Hawaii Senator Russell Ruderman proposed a new bill called bill 2461. The law states that anyone found passing off their pets as valid service animals when they’re actually not will be fined up to $500.
Here’s the catch when it comes to valid service animals. There’s no official registry for service animals, and technically, they aren’t even required to wear vests or an ID when with their owners at all! So, with this being a real-life issue, Senator Ruderman is aware of the difficulties that they might encounter having this law enforced, but he is still determined. “I’m very happy it passed. I understand some people may have concerns about it because it’s going to be difficult to enforce, but there are 20 other states that have it. Having a law is important,” he says.
While the disability community has shared an outpouring of support and agreement with the new law, it has had some pushback from other politicians such as state governor David Ige. Ige believes that there are issues with the fines in addition to how much authorities can ask disabled individuals under the rules and regulations of the ADA.
“None of the county police departments submitted testimony. However, it appears they would be the primary agencies responsible for enforcement. It may be difficult to prove in court by a clear and convincing standard that a person knowingly misrepresented an animal as a service animal. However, it is worth noting that similar legislation is present in at least 15 other states,” says Ige.
The Executive Director of Hawaii Fi-Do Service Dogs, Jim Kennedy, says that the new law, while presenting difficulties, is still major progress in the importance and validation of real service animals.
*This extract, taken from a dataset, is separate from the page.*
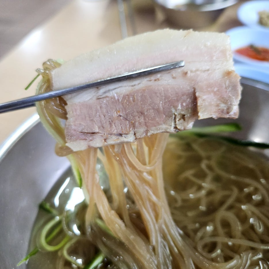 아마도 이곳의 편육은 냉면과 먹기 좋으라고 식혀서 주는 것 같았다. 고소한 면과 잘 어울이는 훌륭한 맛.

“The real work begins now that the bill becomes law. A lot of education needs to be carried out before its effective date of Jan. 1, 2019. We at Hawaii Fi-Do intend to help wherever we can. All of us need to join together to help educate our citizens about what a service dog is,” he says. Additionally, he adds that “Almost all dogs provide emotional support and calm us down. But that alone does not qualify a pet as a ‘service dog.’ It is important to understand and respect what the Americans with Disabilities Act (ADA) intended when it allowed legitimate service dogs to assist those with real disabilities.”